TASK PROMPT: Starting at the line that contains "上游基础设施主要分为硬件提供", write out each line through the end of the data below, exactly as it stands. Skip any pictures.

--- DATA ---

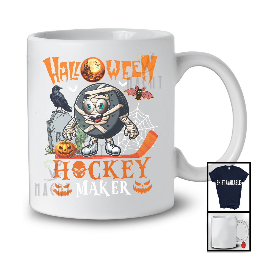 Halloween Hockey Maker, Humorous Halloween Costume Mummy Hockey Player, Sport Team T-Shirt
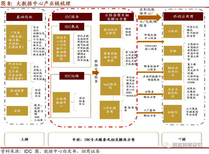 上游基础设施主要分为硬件提供商,如IT设备领域的服务器、路由器、交换机、光模块等,电源设备和运营商等;
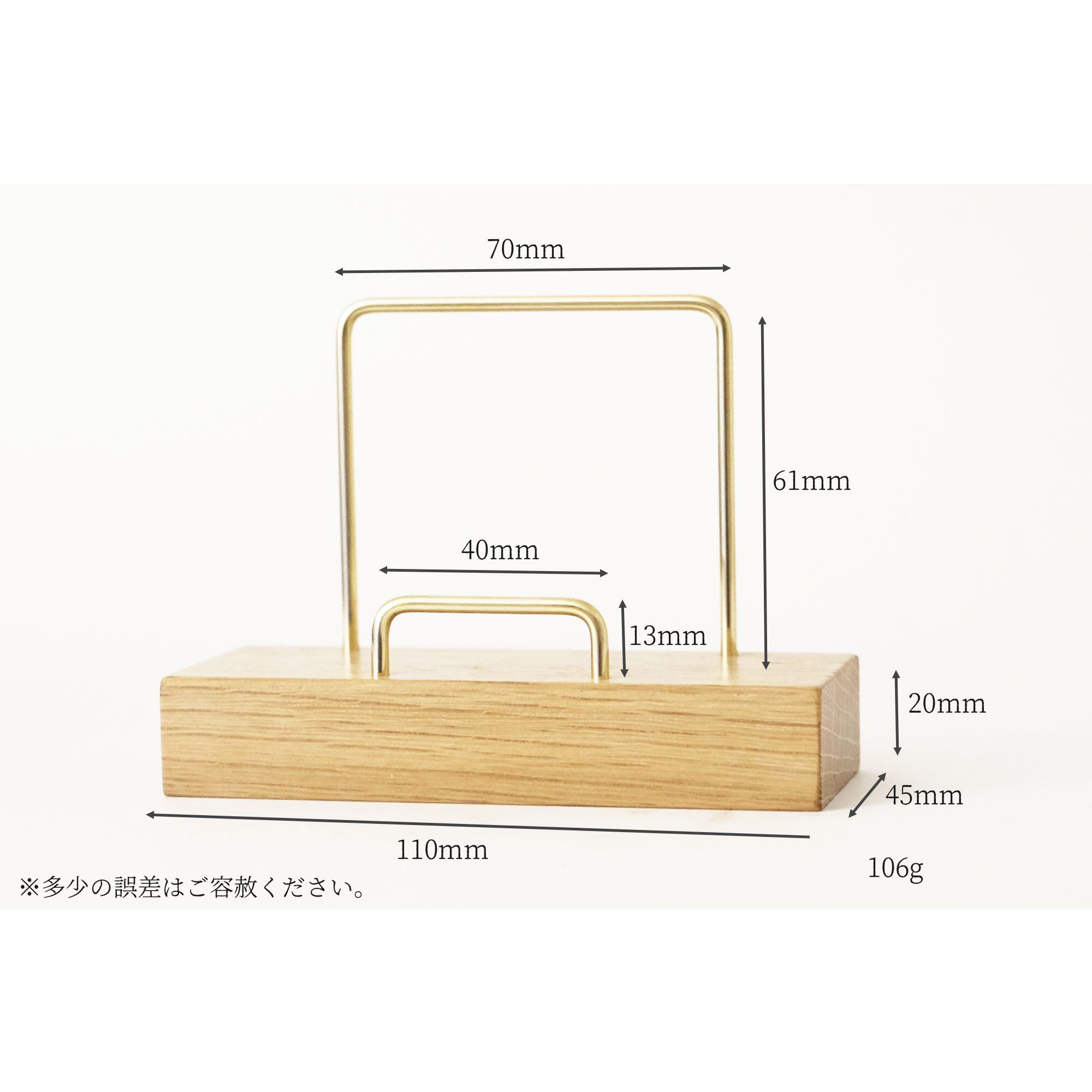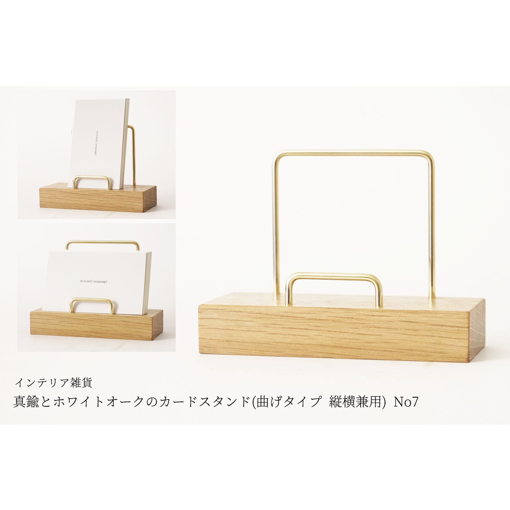 真鍮とホワイトオークのカードスタンド(曲げタイプ 縦横兼用) No7

---

EXERCISE SOLUTION:
 上游基础设施主要分为硬件提供商,如IT设备领域的服务器、路由器、交换机、光模块等,电源设备和运营商等;
 真鍮とホワイトオークのカードスタンド(曲げタイプ 縦横兼用) No7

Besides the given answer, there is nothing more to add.